Explorations scientifiques en Martinique, un guilviniste sur l’Euryale en 1815

Vincent Scouarnec, marin-pêcheur, est né le 21 août 1788 à Plomeur (hameau de Guilvinec). Fils de Jacques Scouarnec et de Isabelle Criquet, il est marié à Isabelle Huiban, le 23 novembre 1819 à Poullan. Il aura connu une carrière riche en embarquements dans la marine française, échappant, contrairement à d’autres membres de sa famille, aux prisons anglaises1 ou à la mort2 lors des guerres, que ce soit celles de la Révolution ou de l’Empire. Son cousin Jean Scouarnec était l’arrière-grand-père d’un maire de Guilvinec au XXe siècle, Marc Scouarnec, né en 1894.

Combat du Romulus Wikimédia Commons

Une famille de marins marquée par les guerres

Son père,

Jacques Scouarnec, comme d’autres marins guilvinistes et léchiagatois, a participé à la Guerre d’Indépendance des États-Unis de 1778 à 1783 ( Anglo-French War ). Des 38 inscrits répertoriés dans le port entre 1776 et 1785, 18 sont morts, soit près de la moitié: la plupart sur les vaisseaux du roi, lors de batailles navales avec les Anglais principalement, en Amérique, lors de la guerre d’indépendance des États Unis, aux Antilles ou encore en Espagne (Cadix), mais parfois aussi à Brest ou à Recouvrance.

Né le 26 octobre 1759 à Plomeur (Poulguen Kervaragan), Jacques Scouarnec se marie le 7 janvier 1784 à Treffiagat à Isabelle Criquet de Plomeur, veuve de Riagat Guiziou, marin, né le 28 février 1744 à Guilvinec. Celui-ci a participé à 2 campagnes : en 1763 sur le Diligent et en 1781 sur le Duc de Bourgogne, navire-amiral de l’escadre dont le chef était le Chevalier de Ternay (Armée de Rochambeau). Il est mort le 6 août 1781 à 37 ans à l’hôpital de Boston.

Jacques Scouarnec, lui aussi sur le Duc de Bourgogne, aide-canonnier pendant la guerre d’Indépendance américaine devient quartier-maître canonnier à 24 fr de solde par mois en 1789 et finit second-maître à 54 fr.
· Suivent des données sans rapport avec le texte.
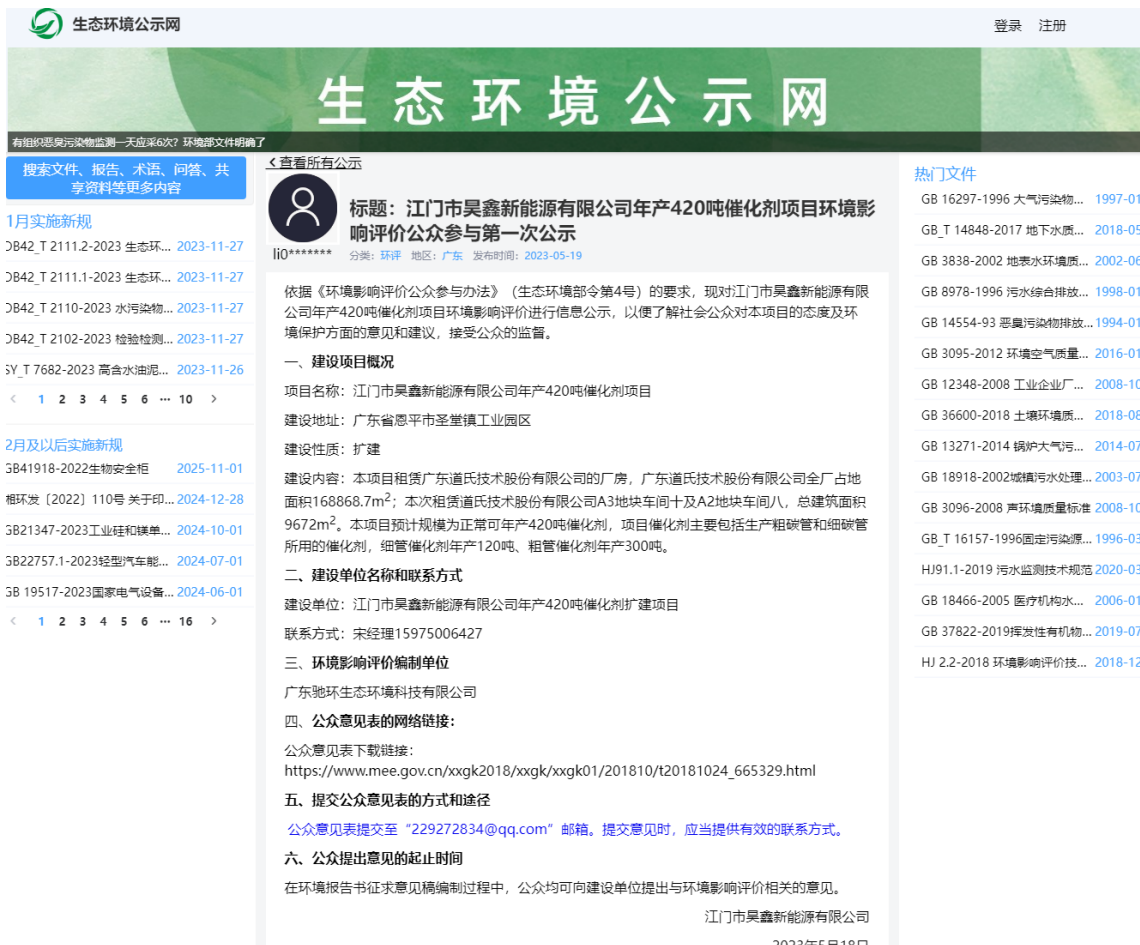
图 2 第二次公示网络截图

Une belle carrière pour un pêcheur quasiment illettré3 !

En 1792, levé pour Brest, il est embarqué sur le vaisseau le Barrick, puis sur l’Engageante4. Pris en 1794, il revient des prisons d’Angleterre en 1795.

Vaisseau à deux ponts

Son frère,

Jacques Scouarnec né le 5 janvier 1786 est mort de fièvres à l’Hôpital Militaire de Naples le 11 septembre 1807. Il appartenait au 62e Régiment d’Infanterie de Ligne – 1er Bataillon – 8e Compagnie – Fusilier – Matricule n° 3889.

Son oncle

Mathieu Scouarnec, né le 31 octobre 1764 à Plomeur (Poulguen), fils de Jean Scouarnec et Anne Le Begue (Bec). Embarqué en 1791, sur la Perdrix, en 1792 sur le Républicain, en 1794 sur le Tourville.

Fait prisonnier sur le transport l’Harmonie, il connut les bagnes flottants d’Angleterre pendant quatre ans. Libéré en 1800. Muté sur la corvette la Bacchante en 1803, il retrouva les prisons anglaises, pris sur la corvette la Bacchante, le 25 juin 1803. Prisonnier en Angleterre jusqu’au 28 décembre 1812.

Après ces 9 années de captivité, à 49 ans, il était devenu un vieillard. Les conditions abominables de captivité avaient eu raison de sa santé. Quelque temps après son retour, il demanda à entrer à l’hôpital. Il est décédé le 26 novembre 1819 à Plomeur (Guilvinec), à l’âge de 55 ans.

Vincent Scouarnec, douze ans au service de l’État

Vue du port de Brest Van Vlarenberghe Musée des Beaux-Arts de Brest

À 18 ans, après quelques années passées comme mousse ou novice à la pêche sur une chaloupe, Vincent Scouarnec va rejoindre Brest en décembre 1806. Il restera à terre dans un premier temps ; pendant près de deux ans il recevra une formation de canonnier.

Après cette période, il va embarquer comme matelot sur de nombreux navires, la plupart du temps des vaisseaux de 74 canons : le Jean Bart, le Jemmapes, le Triomphant.

Après un séjour de deux ans à Toulon (1810 – 1812), incorporé au 1er équipage de la flotte, il retrouve Brest et embarque sur les vaisseaux le Scipion, le Romulus, l’Austerlitz, le Superbe et enfin le Duc d’Angoulême.

Débarqué à Brest du vaisseau Duc d’Angoulême en avril 1815, il obtient une permission de 15 jours pour aller chercher de l’emploi.

Du 9 septembre 1815 au 7 février 1817, il va embarquer à Brest sur la corvette (ou brig) l’Euryale, en partance pour l’Amérique, pour une mission scientifique d’exploration organisée en Martinique afin de mieux connaître la flore et la faune de cette île.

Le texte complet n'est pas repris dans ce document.